AWARD WINNERS AND NEW BAR LEADERS ANNOUNCED AT KBA ANNUAL MEETING KBA President Amanda M. Busby presided over the Annual Meeting of the Knoxville Bar Association on Friday, December 8, 2017. More than 275 lawyers and judges were in attendance. Ms. Busby announced that the following KBA members were elected as officers for 2018: Wynne Caffey-Knight – President-Elect; Hanson R. Tipton – Treasurer; and Cheryl G. Rice - Secretary. The membership elected the following KBA members to the four open positions on the Board of Governors: Charme Allen, Jamie Ballinger-Holden, Elizabeth (Betsy) Meadows, and Robert E. Pryor, Jr. Keith H. Burroughs assumed the presidency of the Knoxville Bar Association at the close of the meeting. Penny J. White was presented the highest award of the Knoxville Bar Association, the prestigious Governors’ Award.

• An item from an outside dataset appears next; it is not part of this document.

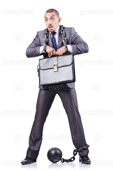 Бизнесмен в кандалах на белом фоне

The Governors’ Award is given each year to a lawyer whose peers believe to have brought distinction and honor to the legal profession. Ms. White has distinguished

herself with a long and tremendous career of service to the bar and to the education of lawyers and law students. The Presidents’ Awards for 2017 was presented to J. William Coley and Ian Hennessey for their work with the Faith & Justice Legal Advice Clinics and to J. Spencer Fair for his work with the Veterans Legal Advice Clinics. The Award for outstanding writing was presented to Matthew R. Lyon for his contributions to the KBA monthly magazine DICTA. The Courage in the Face of Adversity Award was presented posthumously to William Mitchell “Mitch” Cramer. T. Mitchell Panter was introduced as President of the Knoxville Barristers, the Young Lawyers Division of the Knoxville Bar Association, and it was announced that Paul Wehmeier and Matthew Knable, Co-Chairs of Volunteer Breakfast Committee, were presented with the Barristers’ Presidents’ Award for 2017.